As public policies go, that of permitting free competition is very modern. All through the Middle Ages the government of nation, church, and guild prohibited as far as possible all tendencies toward unregulated competition, and only in the first hectic days of the Industrial Revolution was it allowed full sway. Even before its full evils could become manifest it was checked by the factory and labor legislation of the early nineteenth century. When Mr. Mackay declares that "we must change our present tendencies and get back to the public policies of our fathers" he runs the danger of advocating what he proposes to abolish.
It is true, however, that in recent years the "activities and powers of the Federal bureaus" have increased; yet it is obvious that more regulation by the government has been made necessary by the flagrant abuses which sprang up during the brief period when competitive activities ran riot. The cases of the Standard Oil Company, the Chicago meat packers, and the railroads are too recent to have been quite forgotten; and they serve to prove rather pointedly that the "spur of competition", for which Mr. Mackay pleads, leads but to monopoly and its evils. His case rests upon the assumption that the private entrepreneur bitterly pressed by keen business rivals will always act for the eventual good of the public.

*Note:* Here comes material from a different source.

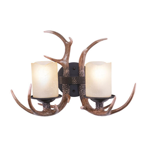 Evoking the spirit of the wilderness, this rustic themed light is clad in a black walnut finish and features cr?me cognac glass. It will complement a variety of home styles bringing an element of nature indoors. The Yoho collection features reproduction deer antlers making it a great choice for a vacation lodge, cabin or suburban homes. This bathroom light is perfect over small vanities or as a pair over double sinks.
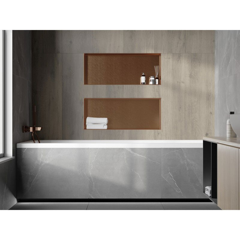 Dane techniczne: Materiał: Stal nierdzewna AISI 304 Szerokość: 75 x 30 cm Głębokość montażu: 10 cm Wykończenie: Miedź szczotkowana Kołnierz maskujący: Nie Do zabudowy w ścianie Uniwersalne zastosowanie Odporność na matowienie i korozję

It is a mere sophistry to declare that "this country became great and prosperous because it was the least governed of all nations" and that Europe retrograded because of the "load of bureaucratic control". Natural resources are the keynotes to modern industrial progress--the United States had them and comparatively Europe did not. Industry in this country has now reached the point which Europe reached some time ago where it is no longer so dynamic that governmental control can prevent natural progress. And rather than argue for a return to unfettered competition, which as far as it was permitted quickly forced remedial measures to be taken, the time has come for a consideration of the most beneficial means of applying the necessary governmental control.